The most complete work on inspections is Software Inspection, by Tom Gilb and Dorothy Graham (Addison-Wesley, 1993, ISBN 978-0201631814). It's a great cure for insomnia. Or consider Peer Reviews in Software, by Karl E. Wiegers (Addison-Wesley, 2001, ISBN 978-0201734850). Written in an engaging style, rather like the Microsoft Press books, it's an accessible introduction to all forms of inspections, covering more than the traditional Fagan versions. One of my favorite books about inspections is a free one available from SmartBear Software called Best Kept Secrets of Peer Code Review (www.smartbearsoftware.com).

Then there's Software Inspection: An Industry Best Practice by Bill Brykczynski (Editor), Reginald N., Jr. Meeson (Editor), David A. Wheeler (Editor), IEEE Press, 1996, ISBN 978-0818673405. Unhappily it's out of print but used copies are usually available on Amazon. The book is a collection of papers about successful and failed inspections. But it, but don't read it. When I can't stand the thought of yet another inspection I pull it off the shelf and read one paper at random. Like a tent revival meeting it helps me get back on the straight and narrow path.
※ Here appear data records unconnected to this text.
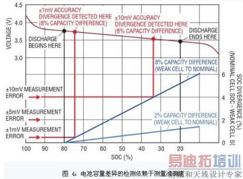 理想的情况是:主动平衡应在电池达到SOC范围的末端时启用。为阐明这一点,我们假设一个含有多节具均匀容量的电池以及一节较低容量"弱"电池的电池组。如果所有的电池都被充电至80% SOC并随后放电,则那节弱电池的SOC将慢慢地与其余的各节电池出现偏差。BMS必须确定一个合适的点,以使平衡器能够在其他电池继续放电的同时将那节弱电池保持在运行状态。图4示出了放电周期中的SOC偏差情况,列举了两个例子:一个例子是一节电池的容量与电池组其余电池相差2%,而在另一个例子中则是相差8%.BMS电池测量误差设定了一个用于确定电池之间相对状态的限值。当SOC测量误差为±2% (±10mV)时,在电池测量电路可靠地检测到这一情况之前电池彼此之间的电荷失衡最大有可能达到4%.如果不具备远远优于±10mV的电池测量准确度,那么要在这条放电曲线的某个精确定义的点上实现一个主动平衡器几乎将是不可能的。
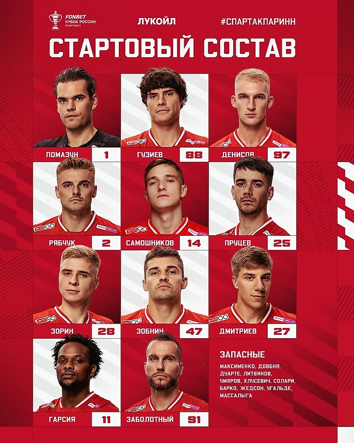 «Спартак»: Помазун, Денисов, Гузиев, Рябчук, Гарсия, Пруцев, Зобнин (к), Зорин, Самошников, Дмитриев, Заболотный
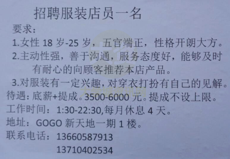 招聘服装店员一名

Inspections yield better code for less money. You'd think anything offering that promise would be a natural part of everyone's development strategy. But few embedded groups use any sort of disciplined inspection with regularity. The usual approach is to crank some code, get it to compile (turning off those annoying warning messages) and load the debugger. Is it any surprise projects run late and get delivered loaded with bugs?

But consider this: why do we believe (cue the choir of angels before uttering these sacred words) open-source software is so good? Because with enough eyes, all bugs are shallow.

Oddly, many of us believe this open-source mantra with religious fervor but reject it in our own work.